_Task requirements_
Images appear in the records below; leave them out and repeat everything else exactly.

_Data for this exercise_
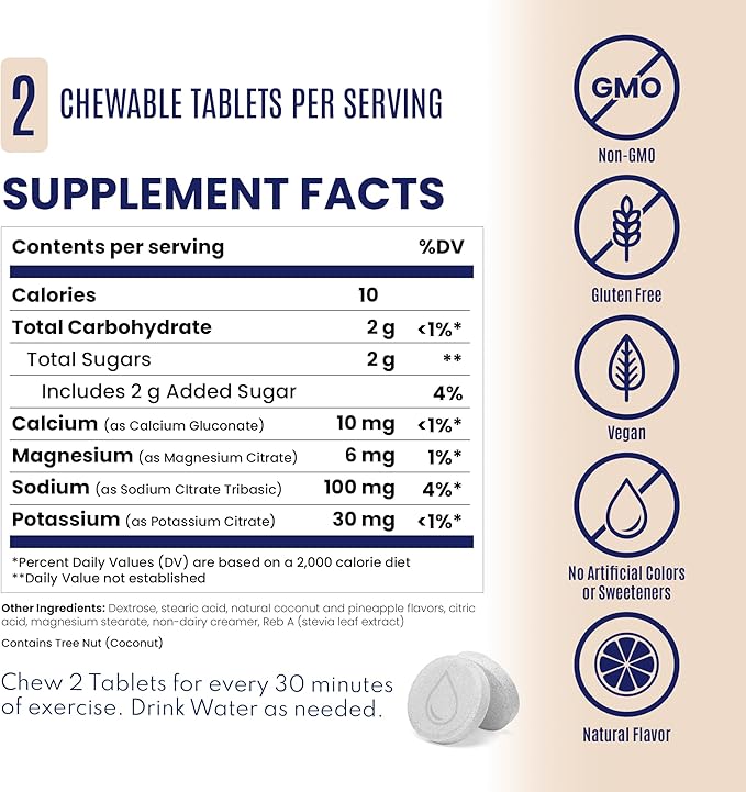 - CHEWABLE ELECTROLYTE TABLETS: Delicious and chewable bite-sized electrolyte tablets packed with sodium, potassium, calcium, and magnesium: the main electrolytes lost through sweat.
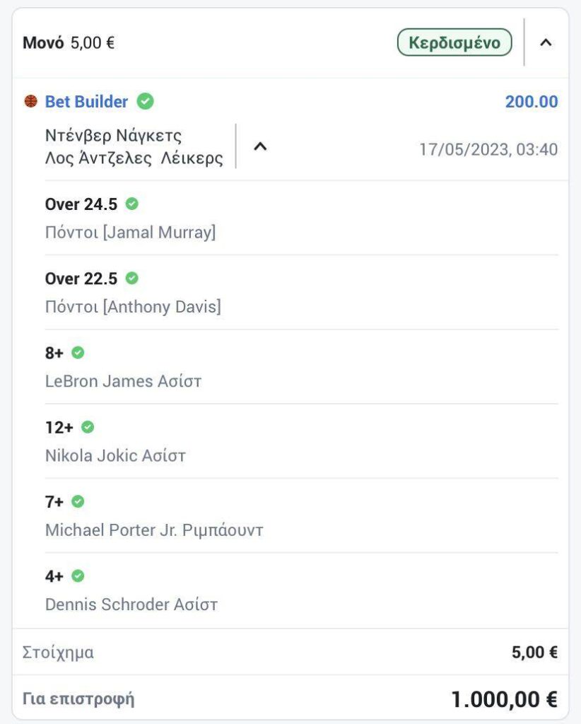Jamal Murray με over 24,5 πόντους, Anthony Davis με over 22,5 πόντους, Lebron James με 8+ ασίστ, Nikola Jokic με 12+ ασίστ, Dennis Schroder με 4+ ασίστ και Michael Porter Jr. με 7+ ριμπάουντ.
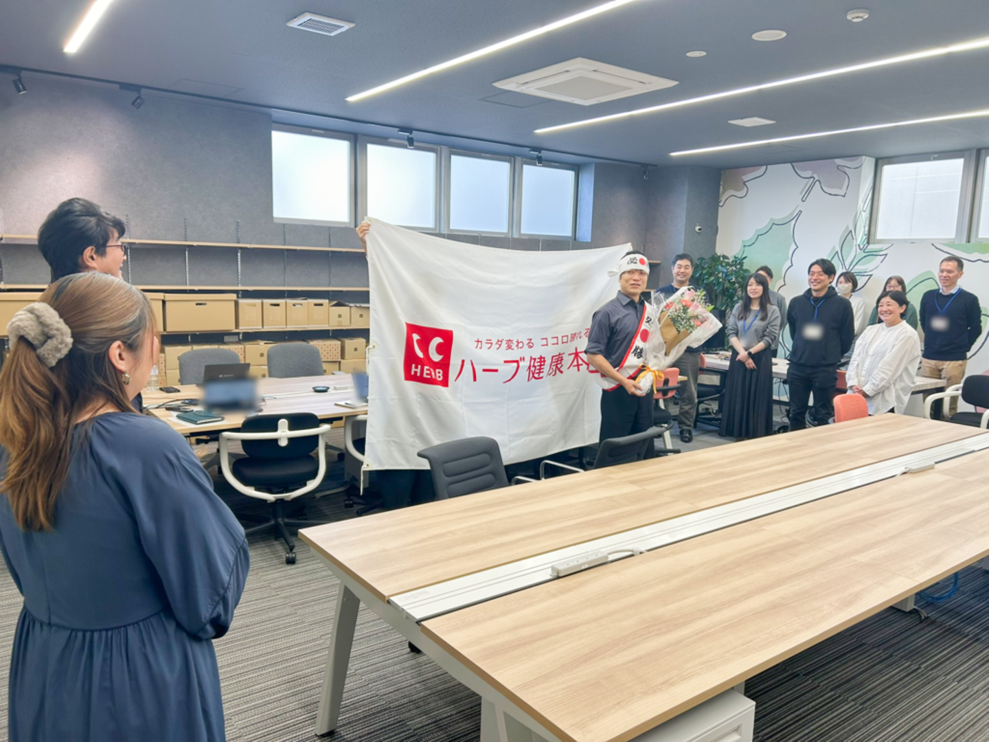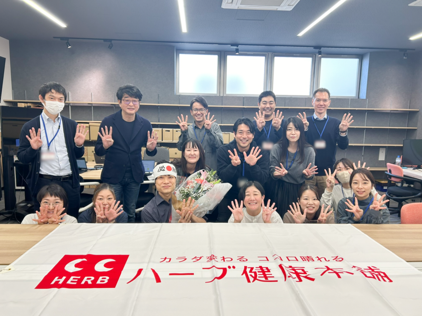会議スペースには、ハーブ健康本舗の代表・永松をはじめ、部署内外のメンバーが勢ぞろいしていました。
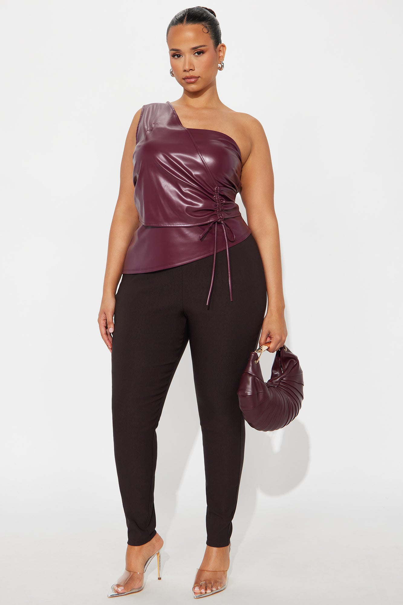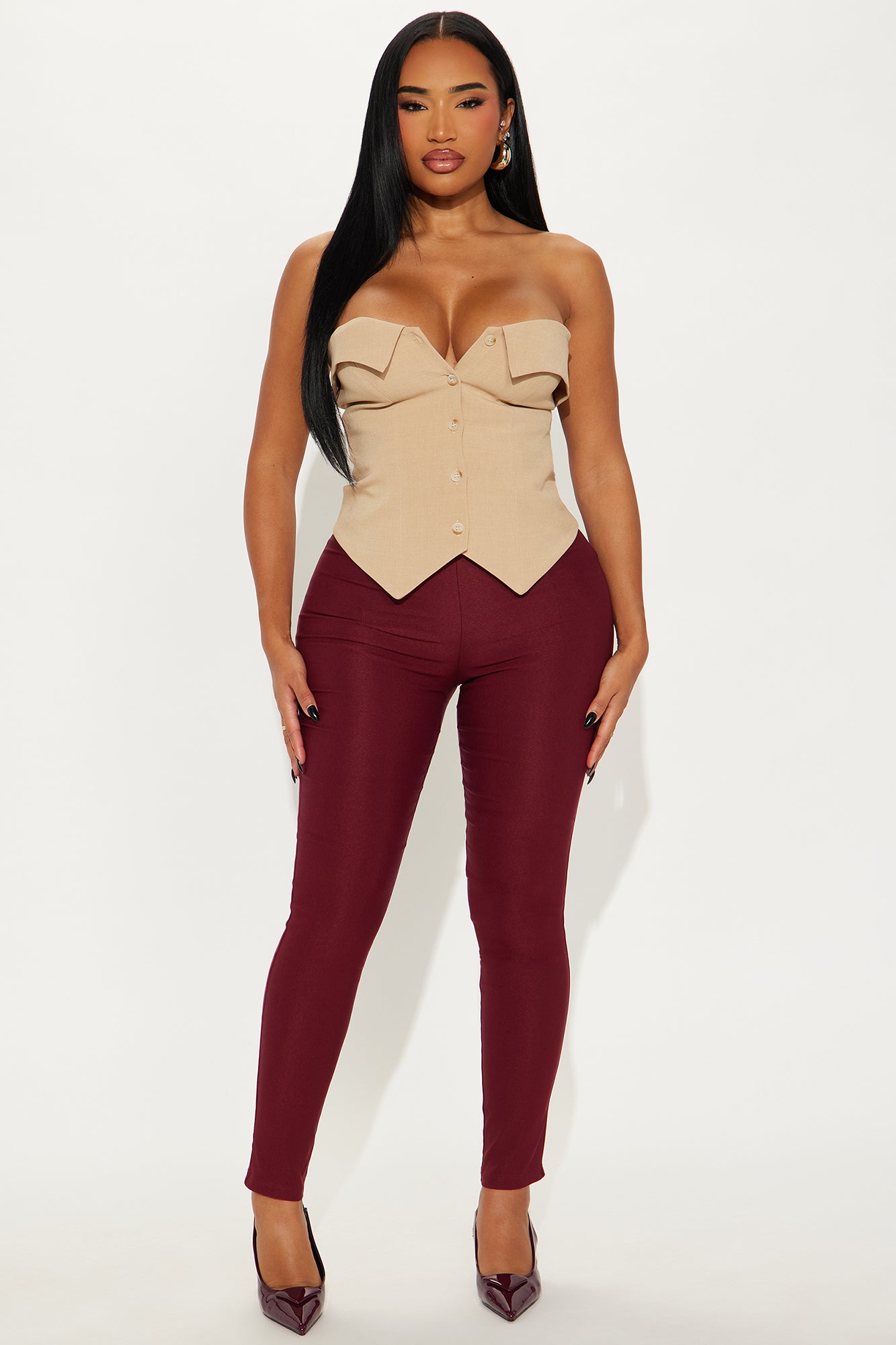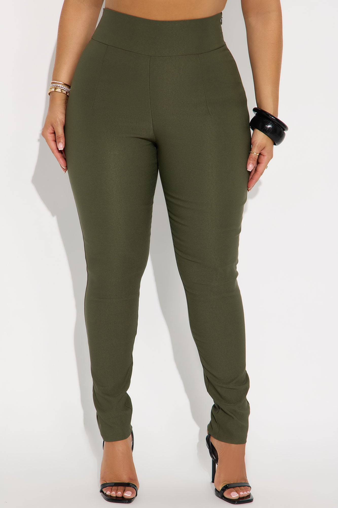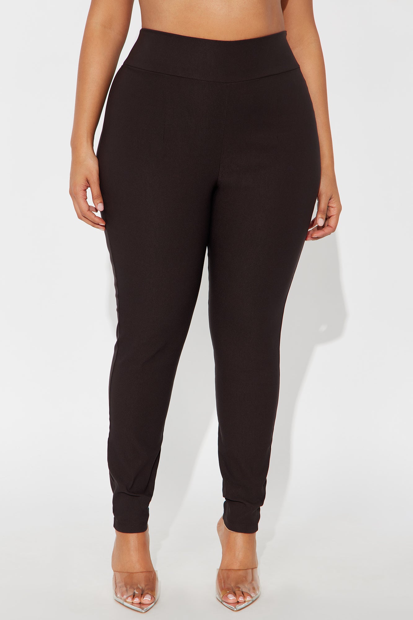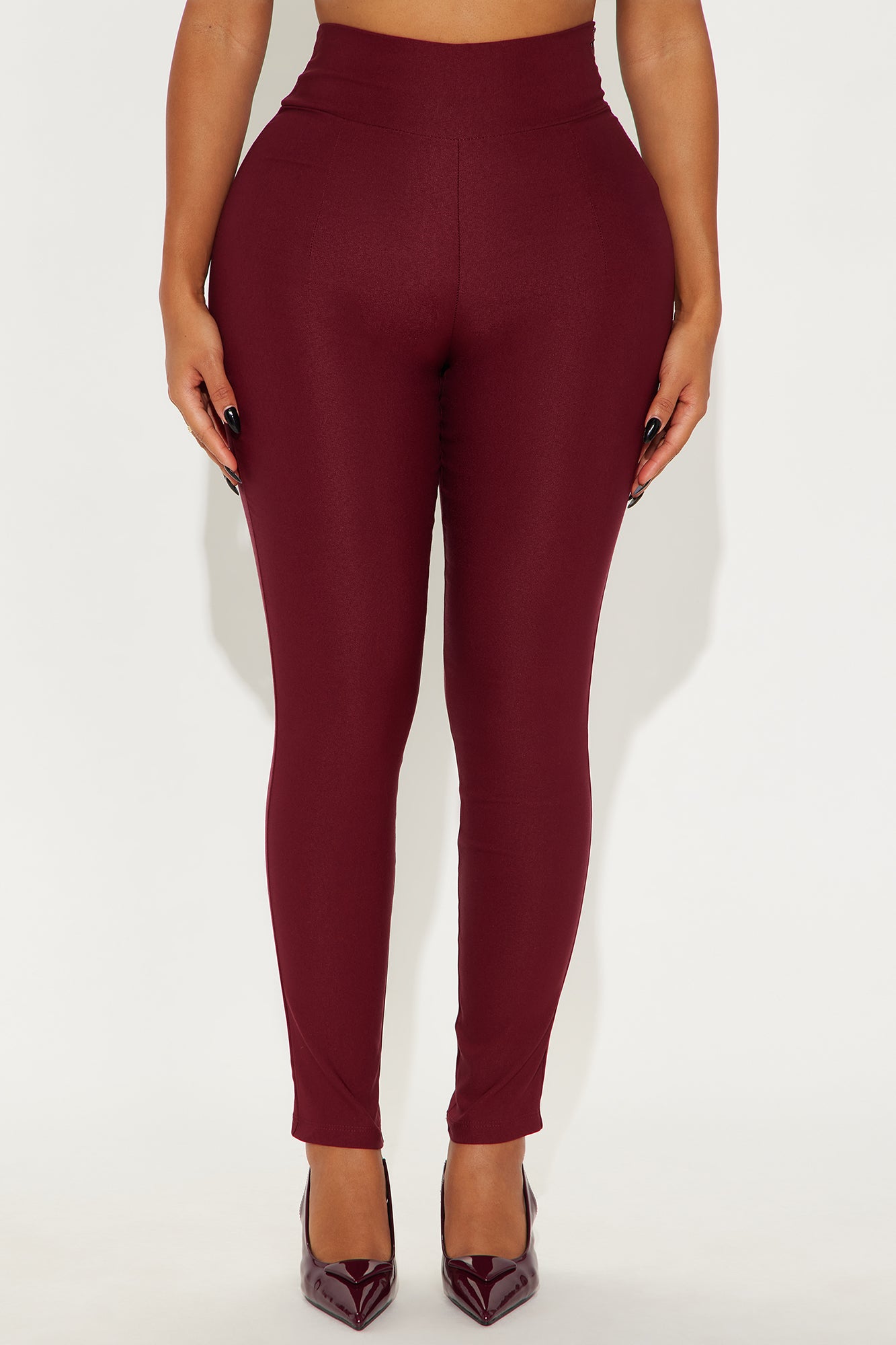 Available In Black, Burgundy, Chocolate, Olive, Rust, Taupe And Teal.Super High- RiseSide ZipperMillennium FabricSkinny Leg28" InseamDisclaimer: Plus Only; Runs Small Shop One Size Up74% Rayon 22% NylonImported
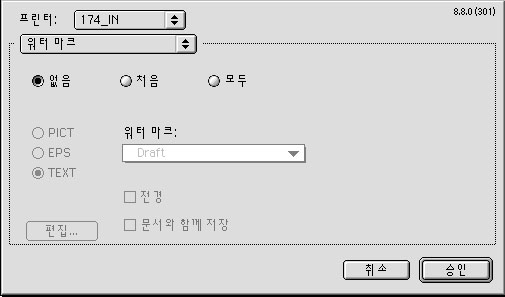 워터마크는 누가 이미지 도용이나 디자인도용을 막기 위해서 출력거나 PS파일 생성시에 특정그림등을 새겨 넣어서 도용을 막기위한 옵션입니다.

_Solution to the exercise_
 - CHEWABLE ELECTROLYTE TABLETS: Delicious and chewable bite-sized electrolyte tablets packed with sodium, potassium, calcium, and magnesium: the main electrolytes lost through sweat.
Jamal Murray με over 24,5 πόντους, Anthony Davis με over 22,5 πόντους, Lebron James με 8+ ασίστ, Nikola Jokic με 12+ ασίστ, Dennis Schroder με 4+ ασίστ και Michael Porter Jr. με 7+ ριμπάουντ.
会議スペースには、ハーブ健康本舗の代表・永松をはじめ、部署内外のメンバーが勢ぞろいしていました。
 Available In Black, Burgundy, Chocolate, Olive, Rust, Taupe And Teal.Super High- RiseSide ZipperMillennium FabricSkinny Leg28" InseamDisclaimer: Plus Only; Runs Small Shop One Size Up74% Rayon 22% NylonImported
 워터마크는 누가 이미지 도용이나 디자인도용을 막기 위해서 출력거나 PS파일 생성시에 특정그림등을 새겨 넣어서 도용을 막기위한 옵션입니다.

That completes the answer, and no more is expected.